This question and answer is excerpted from I know Http://www.zhihu.com/people/chaos-xie http://www.zhihu.com/question/29922657
Thanks to the answer of the Netizen! The questions and possible answers are now recorded as follows:
Is there a language that is not suitable for using Flex/lex as a lexical parser? O ' REILLY Flex and Bison (Chinese version), question 5, 24th. Ask for advice! I personally think that lexical analysis, since it is to divide the input stream into a meaningful mark (see Long Shu), and as long as the programming language must be able to divide into meaningful notation (otherwise humans will not understand), then you can use the Lexical analyzer generator such as Flex generation, But since the book has raised the question that must be justified! Hope pointing!
ZeteThe answer: Javascript
The two semantics of Javascript regular expression literals and division operators, which are difficult to solve with Lex, typically use only lex for very few things, and then defer the real meaning of the discern to the parse phase.

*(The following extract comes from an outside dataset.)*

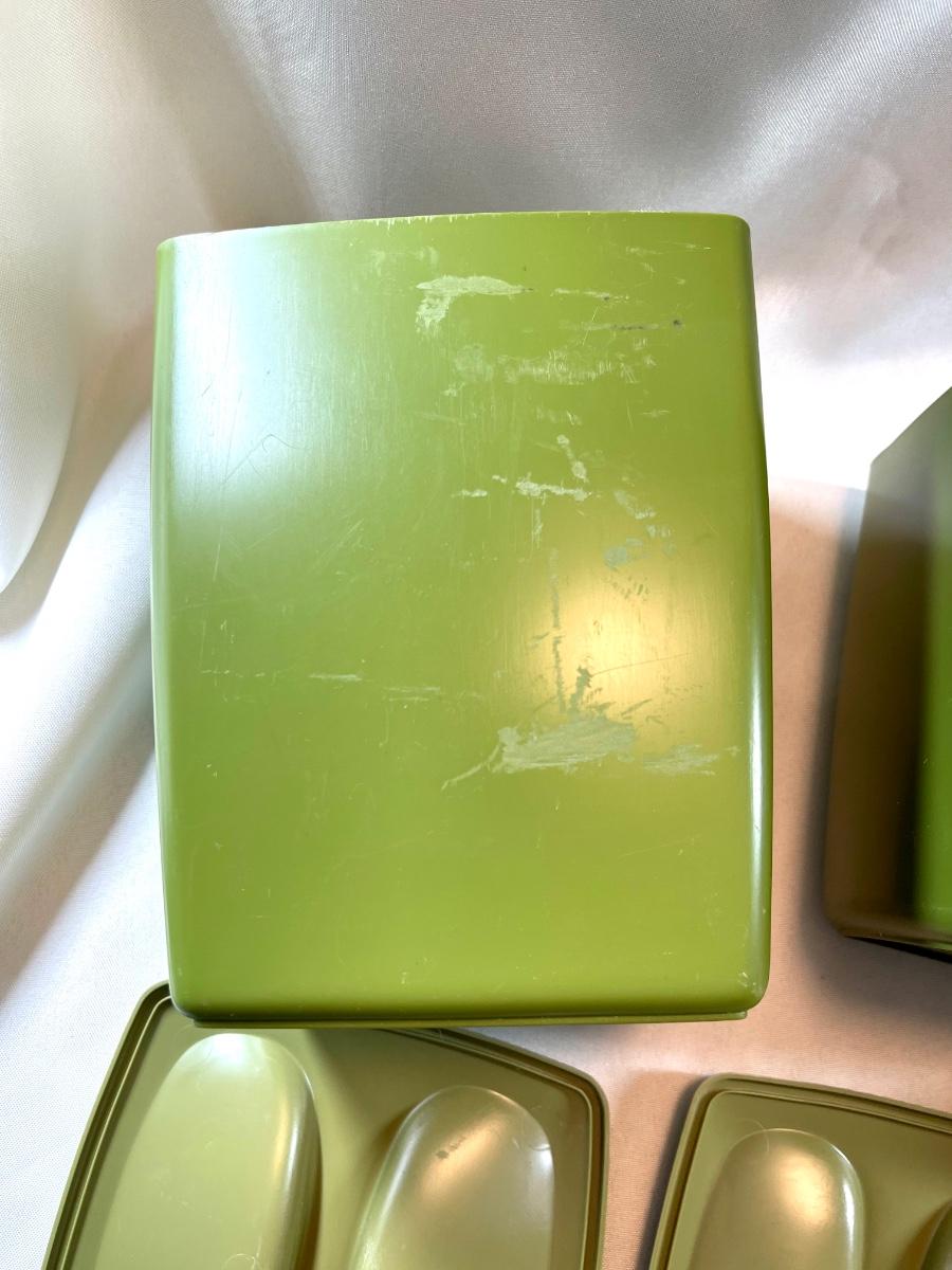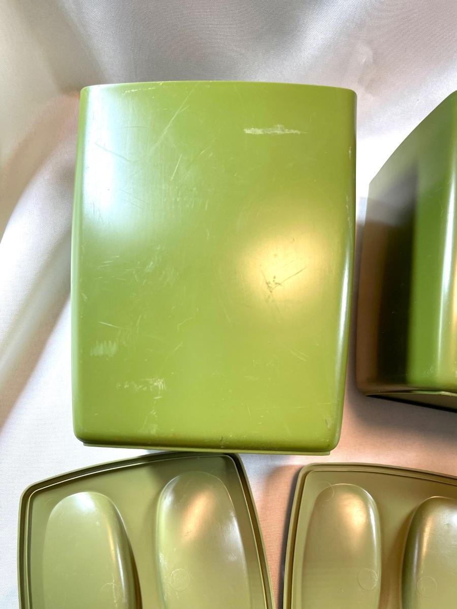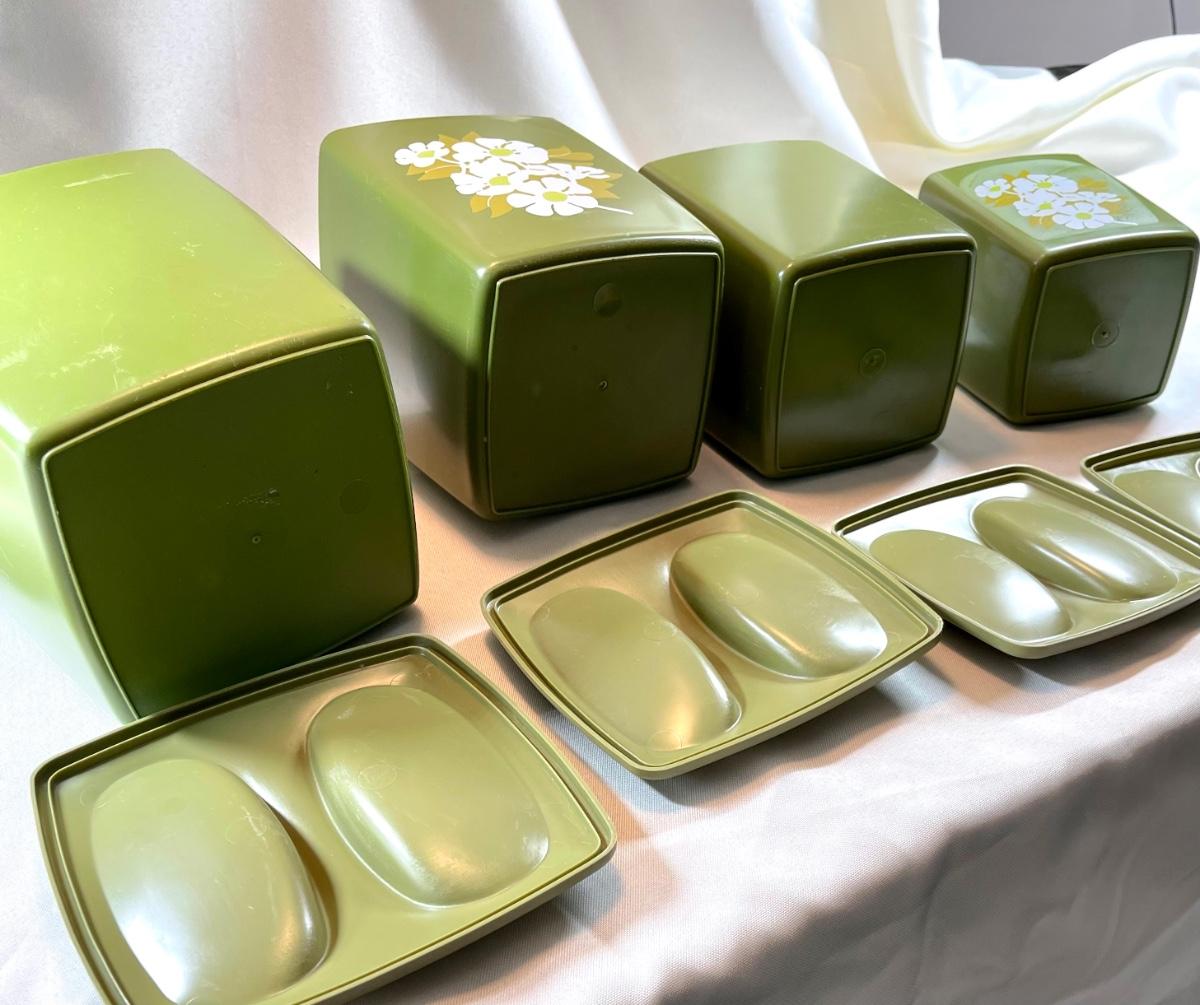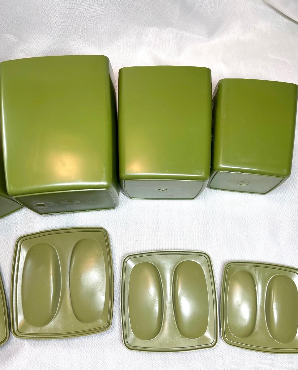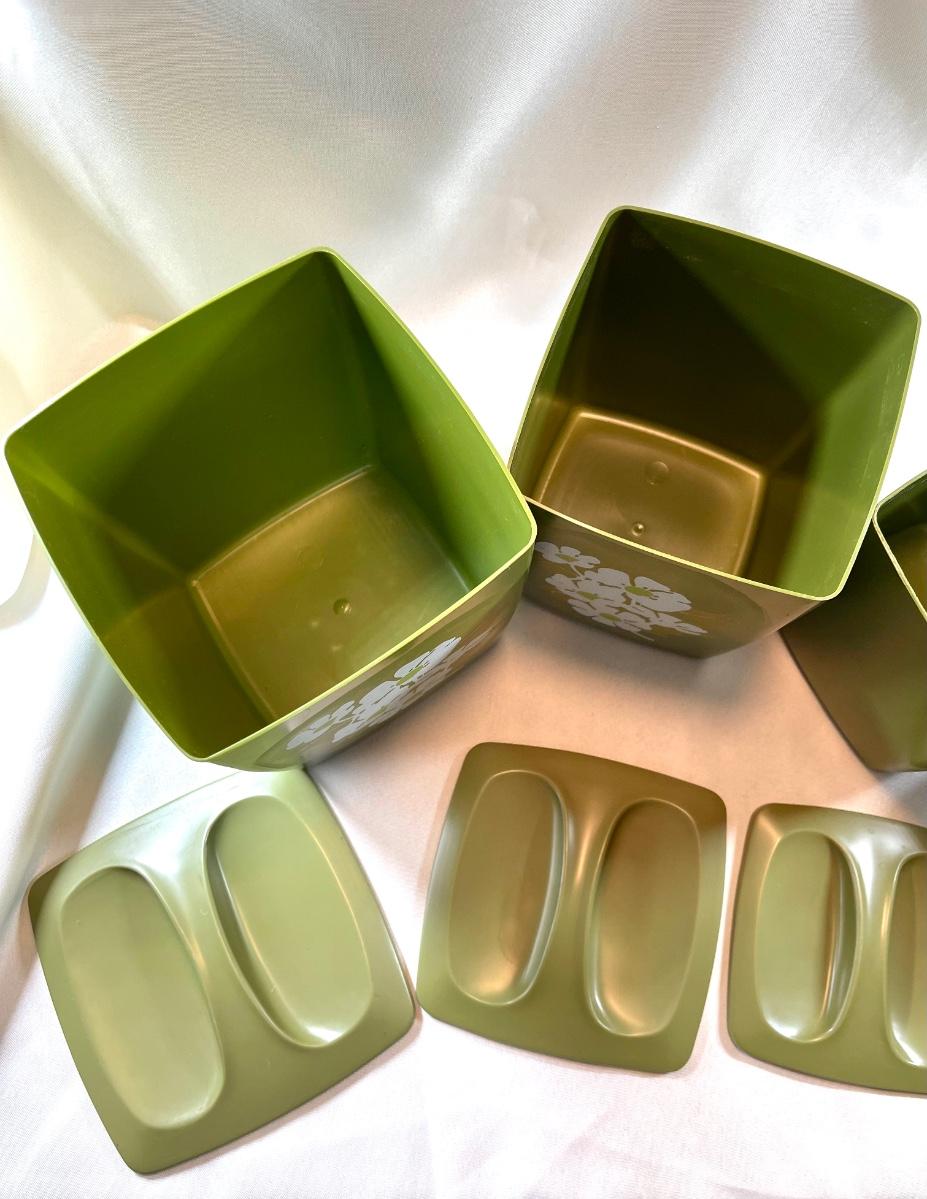 What a cute canister set for the vintage kitchen! These could actually be used anywhere! Use them to hold your sewing odds and ends, crafting materials, as a sorter for kids crayons and small toys, in the bathroom, you could even use them as planters on the patio if you like! Use this sweet functional set anywhere. These have never been used, but there are some scuffs on some of the containers. The fronts with the flowers look great. See pics.

There is a plan to use Lex's judgment/meaning, primarily by preserving the previous token state to make judgments, and you feel the complexity of it:
'//' always recognize as line comment start
If the symbol is '/' or '/= ', and the previous token is one of the following tokens, it is the division operator:
]Identifier Number RegularExpression Stringclass false null private protected public super this trueget include set
If the previous token is one of the following tokens, it is the beginning of the regular expression:
! != !== # % %= & && &&= &= ( * *= + += , - -= ->. .. ... / /= : :: ; < << <<= <= = == === > >= >> >>= >>> >>>=? @ [ ^ ^= ^^ ^^= { | |= || ||= ~abstract break case catch const continue debugger default delete do else enumexport extends final finally for function goto if implements import in instanceofinterface is namespace native new package return static switch synchronizedthrow throws transient try typeof use var volatile while with
But it still doesn't judge the previous token)} ...
if (true) /a/g ---> 正则表达式(x+y)/2 ---> 除法{}/a/g ---> 正则表达式+{}/a/g ---> 除法
So you have to add a state stack to determine whether the closing parenthesis is the if/for/while of the structure or the parentheses of the expression.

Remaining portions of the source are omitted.